■ Problem to work on ■
The listing below should be printed exactly, every line of it. Skip the pictures.

■ Given data ■

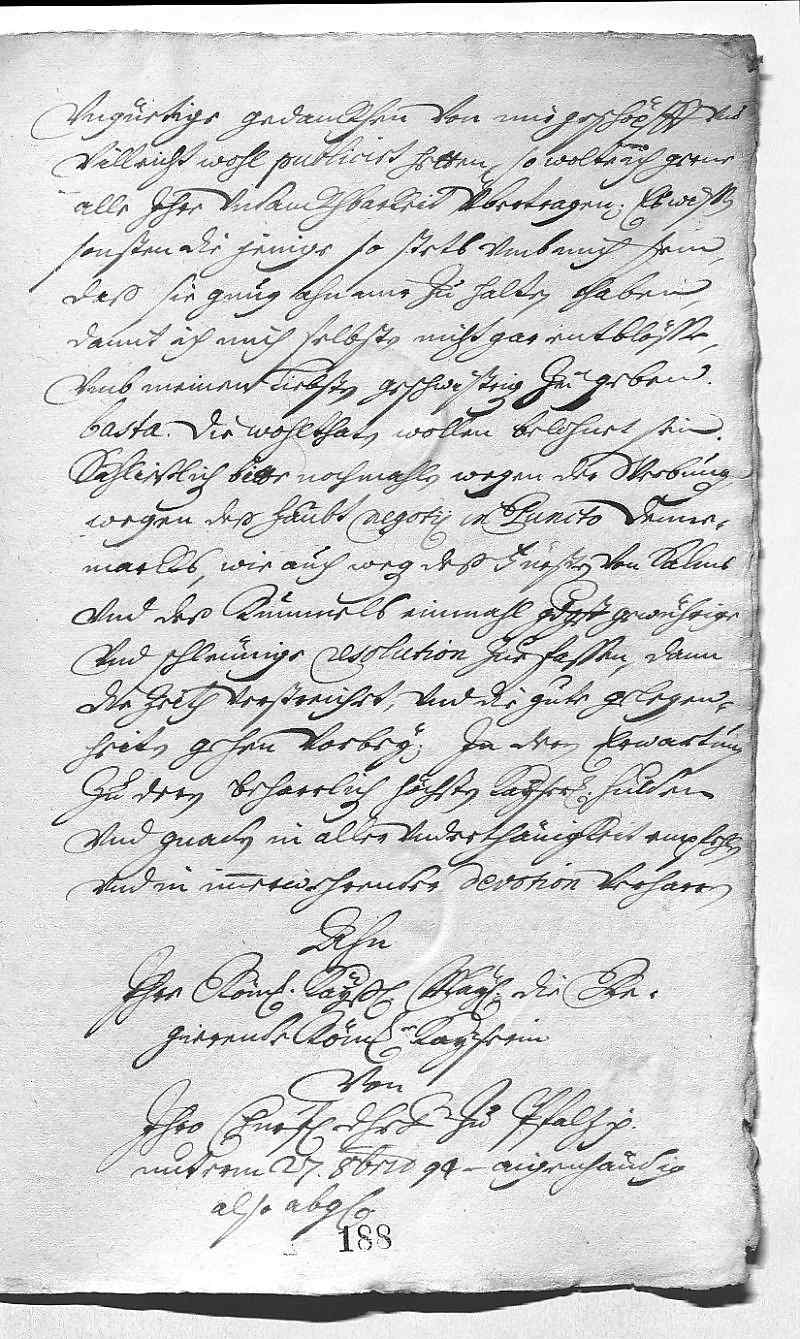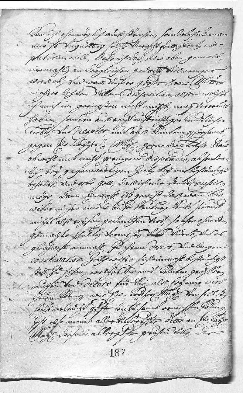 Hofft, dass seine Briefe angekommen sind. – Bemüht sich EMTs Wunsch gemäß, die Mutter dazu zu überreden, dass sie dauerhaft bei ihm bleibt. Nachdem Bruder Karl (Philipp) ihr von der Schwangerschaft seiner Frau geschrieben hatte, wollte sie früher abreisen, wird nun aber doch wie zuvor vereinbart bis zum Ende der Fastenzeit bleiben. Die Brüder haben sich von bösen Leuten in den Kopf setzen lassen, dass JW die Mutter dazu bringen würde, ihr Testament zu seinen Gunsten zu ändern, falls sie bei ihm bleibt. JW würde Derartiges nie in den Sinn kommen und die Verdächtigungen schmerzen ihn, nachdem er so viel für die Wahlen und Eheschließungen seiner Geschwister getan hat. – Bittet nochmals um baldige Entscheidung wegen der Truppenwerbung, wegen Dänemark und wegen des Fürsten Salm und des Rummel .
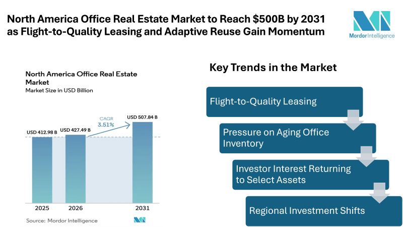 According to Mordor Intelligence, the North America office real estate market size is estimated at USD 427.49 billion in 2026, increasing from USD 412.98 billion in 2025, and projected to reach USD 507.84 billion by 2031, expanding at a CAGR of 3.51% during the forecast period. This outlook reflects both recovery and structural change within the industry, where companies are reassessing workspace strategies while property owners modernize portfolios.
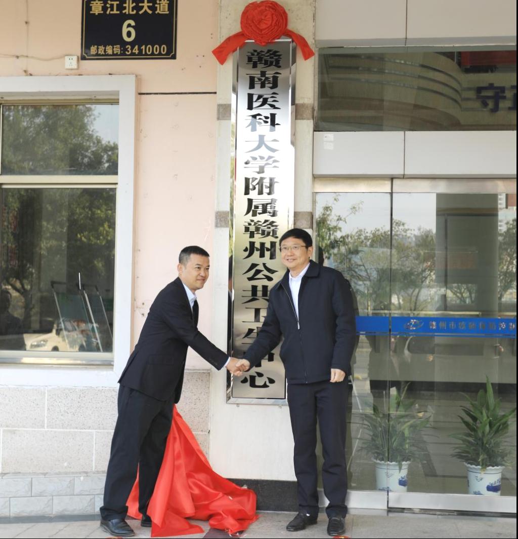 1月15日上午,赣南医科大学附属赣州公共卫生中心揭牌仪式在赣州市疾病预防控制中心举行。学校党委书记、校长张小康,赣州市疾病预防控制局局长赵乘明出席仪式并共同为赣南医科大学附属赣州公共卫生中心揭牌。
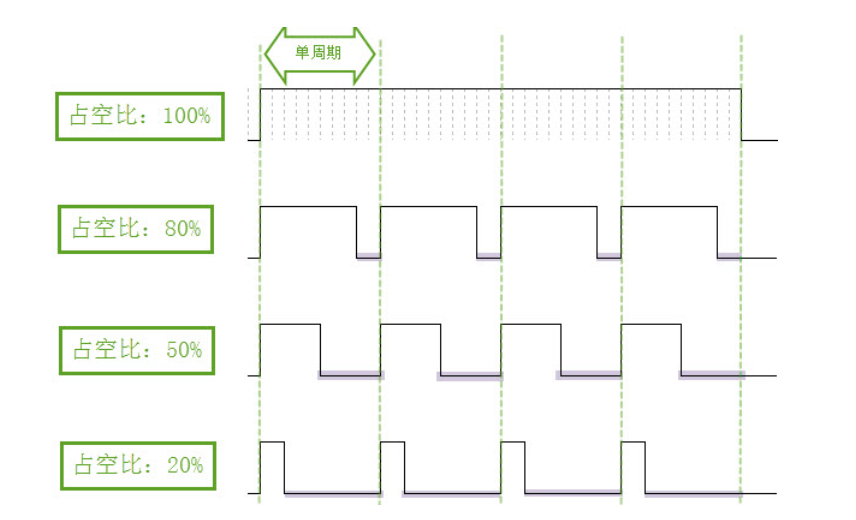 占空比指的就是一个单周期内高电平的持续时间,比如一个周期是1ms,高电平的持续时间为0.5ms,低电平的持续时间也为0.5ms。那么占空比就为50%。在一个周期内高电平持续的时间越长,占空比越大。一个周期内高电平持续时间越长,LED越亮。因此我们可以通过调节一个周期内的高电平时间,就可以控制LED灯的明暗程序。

■ Solution for this exercise ■
 Hofft, dass seine Briefe angekommen sind. – Bemüht sich EMTs Wunsch gemäß, die Mutter dazu zu überreden, dass sie dauerhaft bei ihm bleibt. Nachdem Bruder Karl (Philipp) ihr von der Schwangerschaft seiner Frau geschrieben hatte, wollte sie früher abreisen, wird nun aber doch wie zuvor vereinbart bis zum Ende der Fastenzeit bleiben. Die Brüder haben sich von bösen Leuten in den Kopf setzen lassen, dass JW die Mutter dazu bringen würde, ihr Testament zu seinen Gunsten zu ändern, falls sie bei ihm bleibt. JW würde Derartiges nie in den Sinn kommen und die Verdächtigungen schmerzen ihn, nachdem er so viel für die Wahlen und Eheschließungen seiner Geschwister getan hat. – Bittet nochmals um baldige Entscheidung wegen der Truppenwerbung, wegen Dänemark und wegen des Fürsten Salm und des Rummel .
 According to Mordor Intelligence, the North America office real estate market size is estimated at USD 427.49 billion in 2026, increasing from USD 412.98 billion in 2025, and projected to reach USD 507.84 billion by 2031, expanding at a CAGR of 3.51% during the forecast period. This outlook reflects both recovery and structural change within the industry, where companies are reassessing workspace strategies while property owners modernize portfolios.
 1月15日上午,赣南医科大学附属赣州公共卫生中心揭牌仪式在赣州市疾病预防控制中心举行。学校党委书记、校长张小康,赣州市疾病预防控制局局长赵乘明出席仪式并共同为赣南医科大学附属赣州公共卫生中心揭牌。
 占空比指的就是一个单周期内高电平的持续时间,比如一个周期是1ms,高电平的持续时间为0.5ms,低电平的持续时间也为0.5ms。那么占空比就为50%。在一个周期内高电平持续的时间越长,占空比越大。一个周期内高电平持续时间越长,LED越亮。因此我们可以通过调节一个周期内的高电平时间,就可以控制LED灯的明暗程序。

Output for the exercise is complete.